DePasquale also said the workload of the district's six-member charter office increased considerably after 2014, when the legislature approved a cigarette tax to support city schools. The law requires the School Reform Commission to consider new charter applications every year.

Before the law took effect, the SRC had not been required to accept charter applications annually and had not entertained any since 2008.

The charter office handled 39 applications for 2015, and the SRC approved six.

The cigarette tax brought $50 million to the district in 2014-15 and is expected to produce $60 million this fiscal year. But the auditor general said it was possible that the cost of new charters approved under the cigarette law would outstrip the revenue produced by it.

The 83 charter schools in the city enroll nearly 70,000 students, and the district's $2.8 billion proposed budget for the fiscal year that begins July 1 includes nearly $875 million for charter schools, including transportation.

The performance audit, which reviewed the operations of the charter office from July 1, 2011, through June 30, 2015, found that while the district was complying with state charter law, there was room for improvement.

The report said that while the district spends about 30 percent of its budget on charter schools, it spends less than 1 percent for the charter office and its auditing office to keep tabs on charter schools.

The auditor general lauded the district's decision last August to hire an executive director for the charter office. The post had been vacant for two years.

Superintendent William R. Hite Jr. thanked DePasquale for the review and said the recommendations would be helpful to the district.

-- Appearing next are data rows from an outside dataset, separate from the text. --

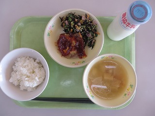 ごはん 鶏肉のバーベキューソース ごま酢あえ のっぺい汁 牛乳
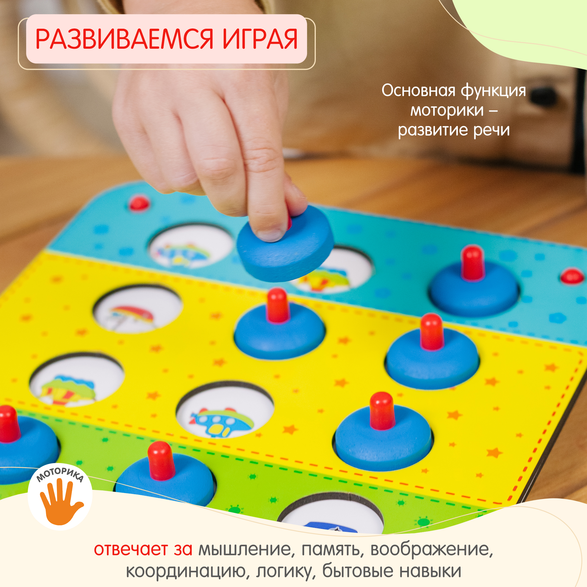 * Картинки скрыты деревянными фишками. Задача игроков: открывая по 1 фишке, найти пару. Эта игра увлекательная и полезная в обучении ребенка.
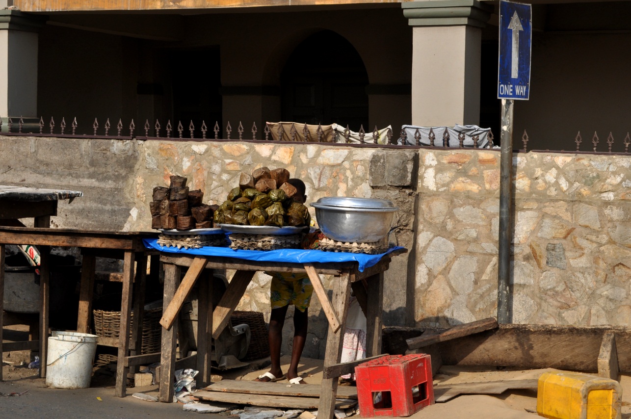 In Elmina, someone was selling kenkeys, which are dumplings wrapped in leaves...
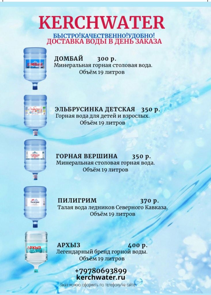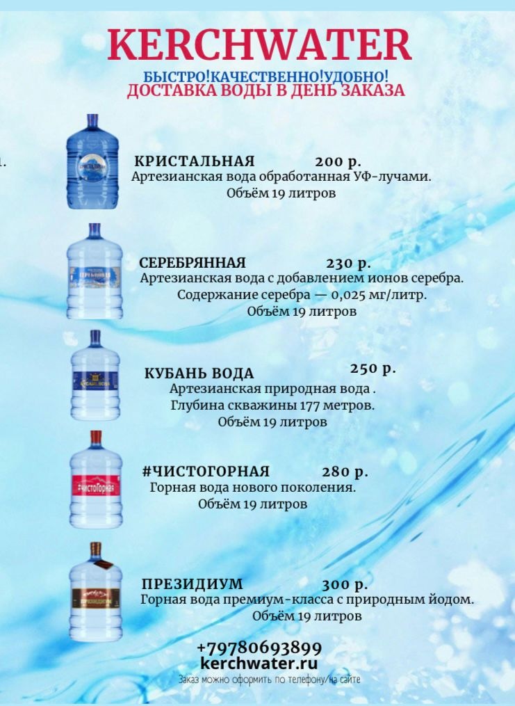 Компания KERCHWATER предлагает более 10 видов питьевой воды! Артезианская, горная, ледниковая талая! Вы можете выбрать именно ту, которая подойдет вам!
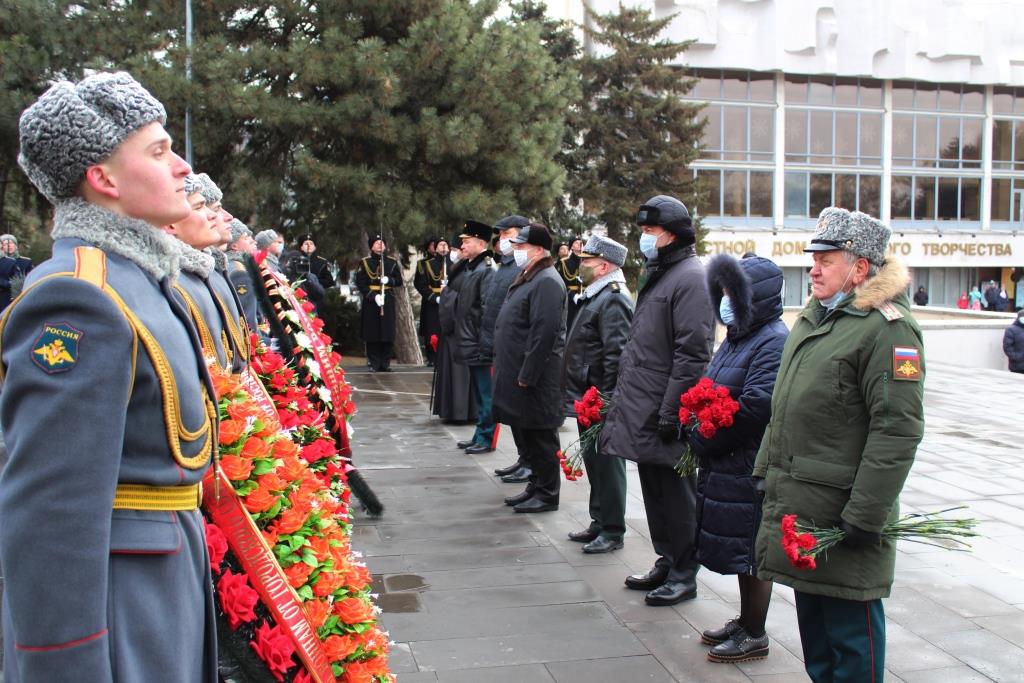 23 февраля 2021 года курсанты ГБПОУ РО «Ростовский-на-Дону колледж водного транспорта» приняли участие в торжественном возложении цветов и венков к мемориальному комплексу «Павшим воинам» в сквере им. Фрунзе, посвященном Дню защитника Отечества.
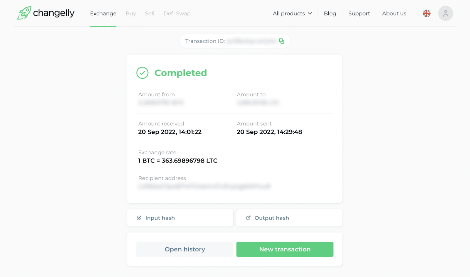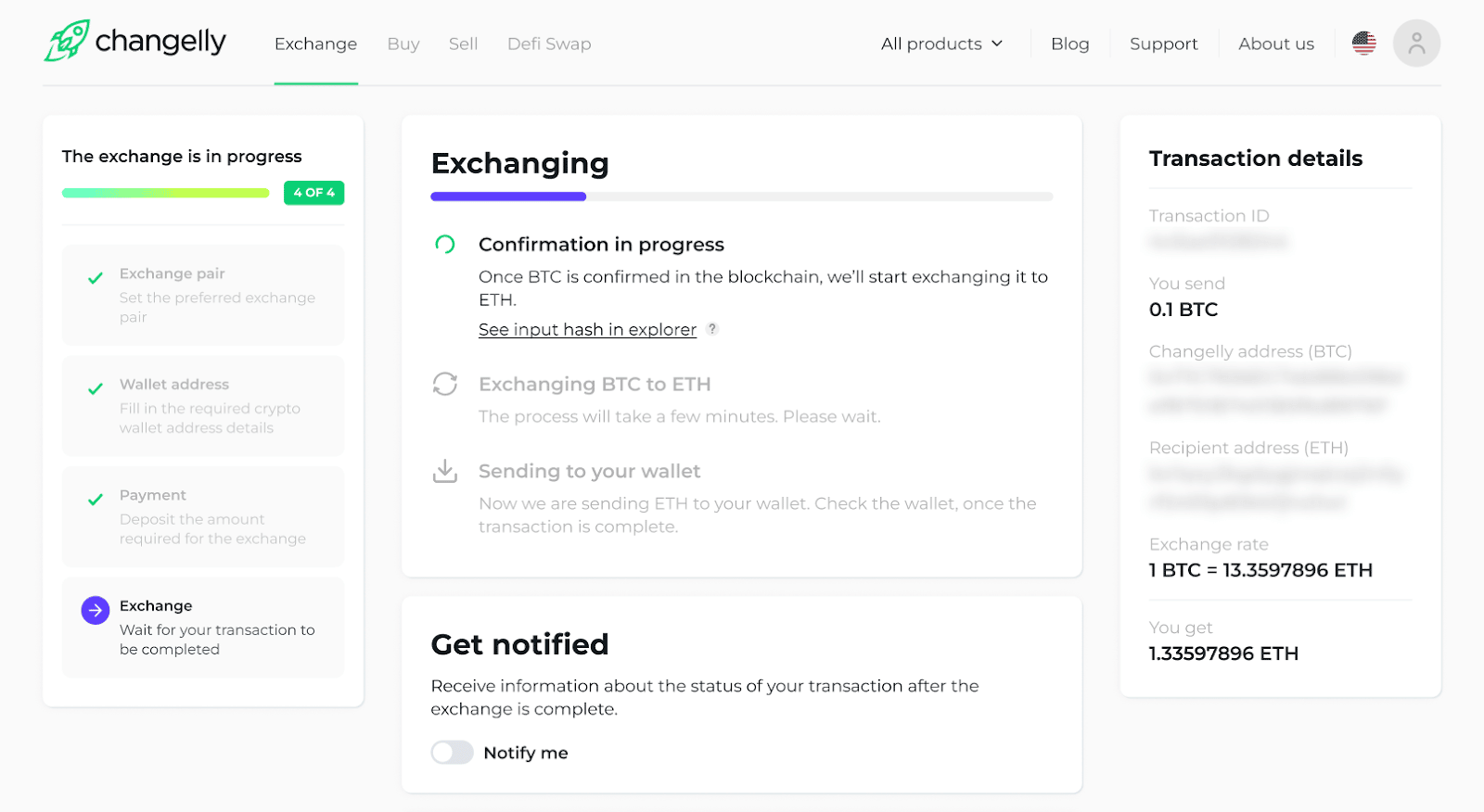 Before you send your funds for an exchange, please make sure that all the transaction details are correct. We kindly remind you that blockchain transactions are irreversible. Therefore, when dealing with cryptocurrencies, you have to be careful and attentive to all of the transaction details.

He said that in addition to hiring an executive director, the district had added two positions to bring the charter office staff to nine.

The report also said court challenges by charter schools, including fights over the SRC's efforts to manage enrollment, had caused the district's legal bills to rise. The district spent $1.4 million over three years on outside lawyers to handle legal cases involving charter schools.

The auditor general said that work on his report had concluded before the state Supreme Court ruled in February that the SRC could not suspend portions of the state school code to cap charter enrollment. Last week, the court denied the district's request to reconsider that ruling.

DePasquale recommended that the district conduct annual financial and enrollment audits of charter schools. He said the district's policy of scrutinizing charters only every five years, when they are up for renewal, hampered oversight.

The report said: "The district is also missing an opportunity to identify potential fiscal mismanagement or fraud and abuse at charter schools that could be detected during a financial review."

DePasquale said his office was reviewing the practices of the state Department of Education, which withheld $15 million from the district over disputed charter school bills from 2012-13 through 2014-15 without giving the district a chance to be heard. Sixty-five disputes are unresolved.

An audit of district operations is expected to be released in about a month.